Agent-Parry is a security proxy and evaluation suite for MCP-based agents. I built it to sit between an agent and its tools and inspect the JSON-RPC traffic going past, so it can flag and block things that look like adversarial probes. When you're deep in schema-driven adversarial probing, you assume the underlying mathematical defense layer is the most important part of the product. It's the technically interesting part, so it's the part you want to show.

But during the demo, the moment that actually landed wasn't the interception logic. It was when I showed how the automated RuleGenerator was creating YAML rules in real time that protected the agents going forward. The audience didn't just want to see a wall block an attack; they wanted to see the wall build itself in response to what the attack had looked like. The value was in the feedback loop, not the block.

Latent: a map is not a debugger

Latent was a different kind of lesson. I built it as a collaborative 3D workspace, basically Figma for neural networks, letting multiple users explore and annotate a model's architecture together. The instructors liked the 3D canvas and the real-time syncing, but they pointed at a gap I hadn't really wanted to look at: it would be significantly better if the tool actually told you why certain attention heads were misfiring.

They were right. The gap they were pointing at was basically the whole reason a user would actually open Latent twice, and it's one of those gaps I knew was there but hadn't fully sat with, mostly because there's only so much you can build out in a week.

That feedback has actually been rattling around in my head ever since, because I'll be in San Francisco soon to intern at Sentry this summer.
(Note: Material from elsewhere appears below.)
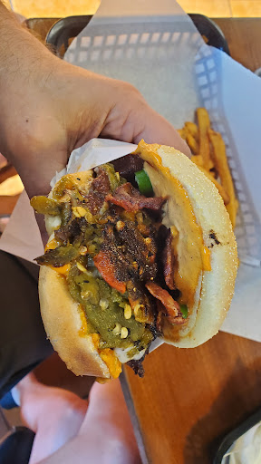 Wait time was about 30 minutes from the time I placed my order to me receiving my food. It wasnt super busy for the time of day, but waiting half an hour is kind of irritating. I ordered a fatty classic which is a double bacon cheeseburger, essentially. The burgers flavor was mediocre. Pretty much the entirety of the flavor came from the cheese and the toppings. Burger itself was almost tasteless. The fries were probably the best part about the meal. Really great fries. They were kind of stale from being in the open waiting for the burger though. The price was rather exorbitant for what you get. 16 dollars for a rather shoddy double cheeseburger, fries and a large drink. The atmosphere was pretty good. Fairly spacious eating spaces, great music that wasnt too loud, but this probably isnt a sit down with the kids type of place.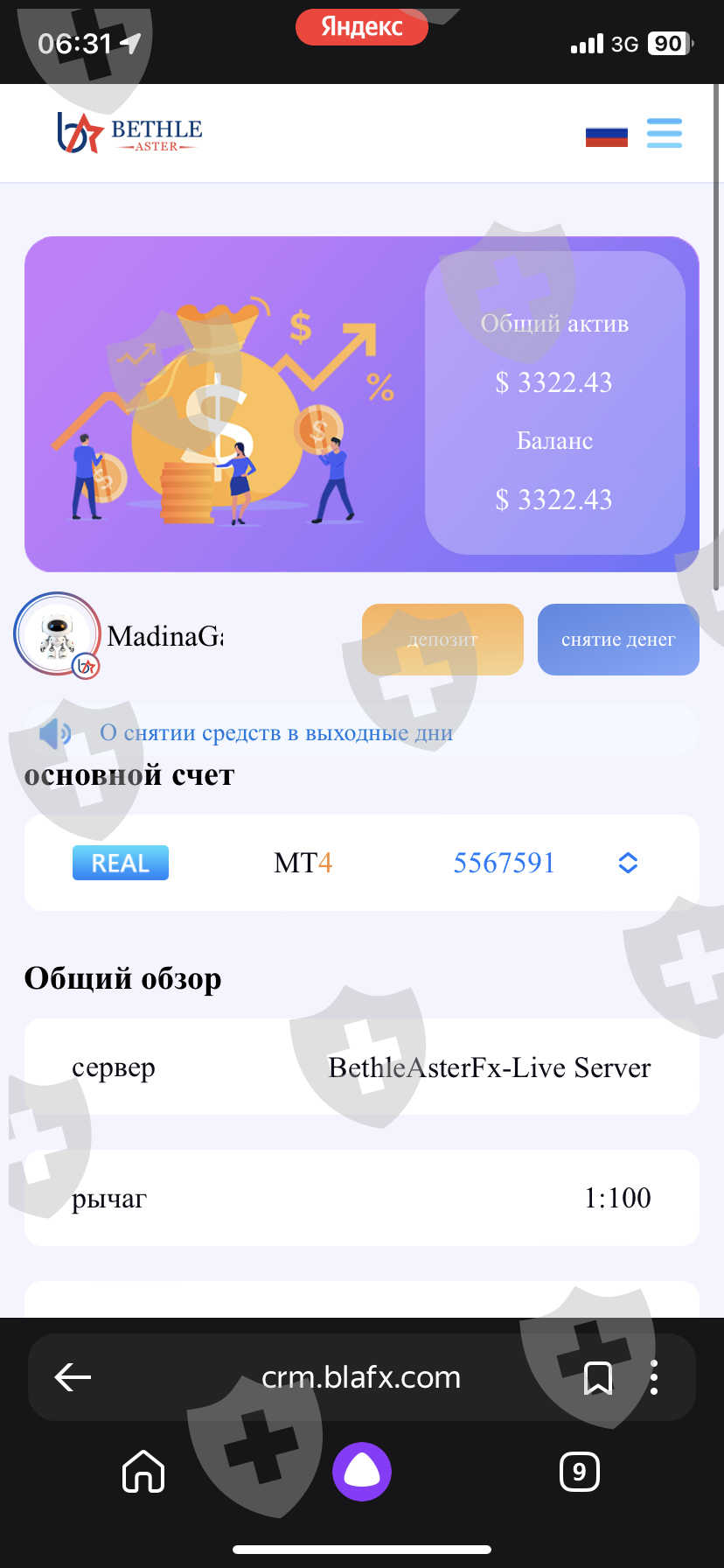 биржи BlaFX. Хочу сделать заявление о невозможном выводе денежных средств с моего торгового счета. В настоящее время на платформе запретили вывод денежных средств. О сложившейся ситуации мною не было получено ни одного уведомления. Служба технической поддержки держит обратную связь и требует немедленного пополнения 10% от депозита на мой аккаунт для разморозки торгового счета. Номер торгового счета: 5567591

Sentry's whole product is built around actionable error tracking for traditional software, and the obvious extension of Latent, the thing it would need to grow into to be genuinely useful, is something like Sentry for tensor activations: granular, state-aware tracking applied to a model's internal representations, so you aren't just seeing that something misfired, you're tracing where it came from. I'd never have framed the problem that cleanly without someone in the audience essentially saying "the map is nice, but where's the rest of it."

What demos are for

This whole experience reminded me a lot of the political scientist James C. Scott's concept of legibility, from his book Seeing Like a State. Scott's argument is that to manage complex, organic systems (a wild forest, a sprawling city, a peasant economy), authorities have to force those systems into simplified, measurable grids that can be read at a glance. The forest gets rationalized into rows; the city gets rationalized into blocks. The grid is never the real thing, but it's the only version of the real thing the state can actually work with.

Building software, especially under a one-week deadline, is existing in the forest. Demoing is the act of forced legibility. You have to translate the chaotic, half-finished reality of your codebase into a clean enough grid that a judge or a user or a potential customer can digest it in a few minutes. And when I demoed Agent-Parry and Latent, the lesson wasn't that I needed a better grid. It was that the grids I had built (the interception logic, the 3D canvas) were misaligned with what the outside world actually cares about (the closed feedback loop, the active debugger). The legibility test surfaced a misalignment I couldn't see from inside the forest.

When you build in a vacuum, you optimize for what you find technically interesting. Pitching to a room full of founders and investors forces you to optimize for what's actually useful. It's an uncomfortable transition, and it's exactly what the free consulting is for.